- **What is needed**: Type the listing below out again exactly. No images.

- **Data excerpt**:

____

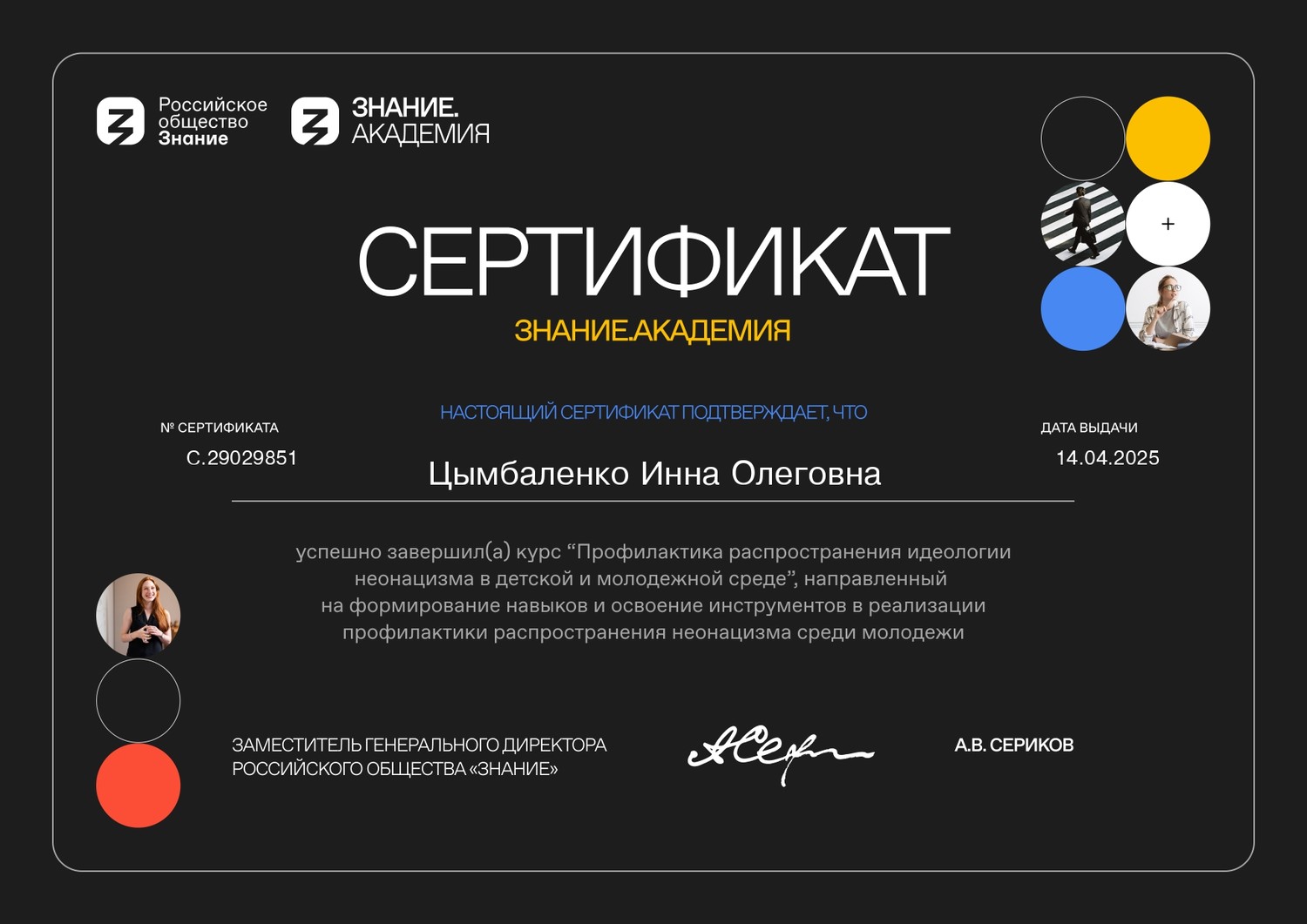 Педагог Дворца творчества успешно прошла курс «Профилактика распространения идеологии неонацизма в детской и молодёжной среде», направленный на формирование навыков и освоение инструментов в реализации профилактики распространения неонацизма среди молодёжи от Российского общества «Знание». | |
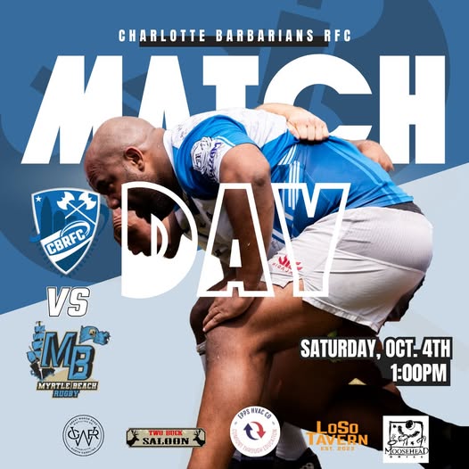 🚨 Match Week 🚨 The Charlotte Barbarians head to the coast to take on Myrtle Beach RC. CBRFC @ Myrtle Beach Rugby Club 🏉 Kickoff: 1:00pm, Saturday, October 4th 📌 Pitch: South Strand Rec Center - 9650 Scipio Lane 🍺 Social: Voodoo Brewing Thank you to our sponsors: Epps HVAC Co Two Buck Saloon Great Wagon Road Distilling Co. NoDa Moosehead Bar & Grill LoSo Tavern.
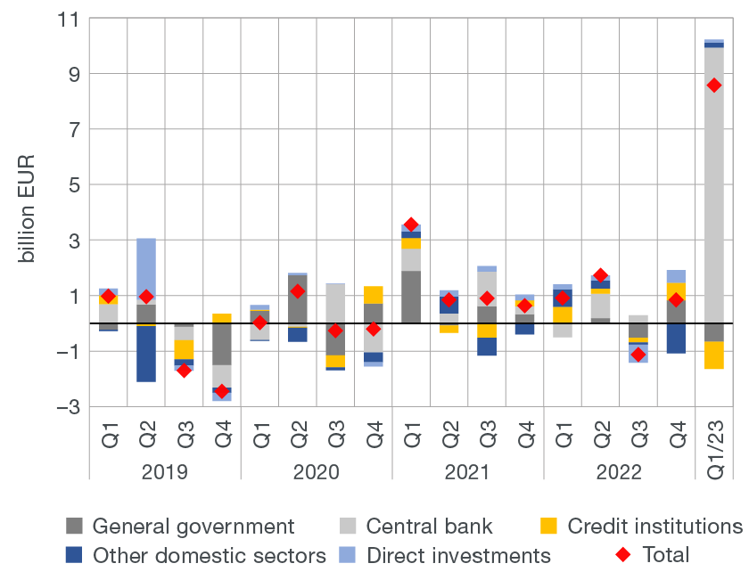 The current and capital account balance improved noticeably in the first quarter of 2023 relative to the same period in 2022, reflecting positive developments in all sub-accounts except in foreign goods trade. Accordingly, net capital inflow in the financial account decreased slightly from the same period in 2022.

____

- **Solution to the problem**:
 Педагог Дворца творчества успешно прошла курс «Профилактика распространения идеологии неонацизма в детской и молодёжной среде», направленный на формирование навыков и освоение инструментов в реализации профилактики распространения неонацизма среди молодёжи от Российского общества «Знание». | |
 🚨 Match Week 🚨 The Charlotte Barbarians head to the coast to take on Myrtle Beach RC. CBRFC @ Myrtle Beach Rugby Club 🏉 Kickoff: 1:00pm, Saturday, October 4th 📌 Pitch: South Strand Rec Center - 9650 Scipio Lane 🍺 Social: Voodoo Brewing Thank you to our sponsors: Epps HVAC Co Two Buck Saloon Great Wagon Road Distilling Co. NoDa Moosehead Bar & Grill LoSo Tavern.
 The current and capital account balance improved noticeably in the first quarter of 2023 relative to the same period in 2022, reflecting positive developments in all sub-accounts except in foreign goods trade. Accordingly, net capital inflow in the financial account decreased slightly from the same period in 2022.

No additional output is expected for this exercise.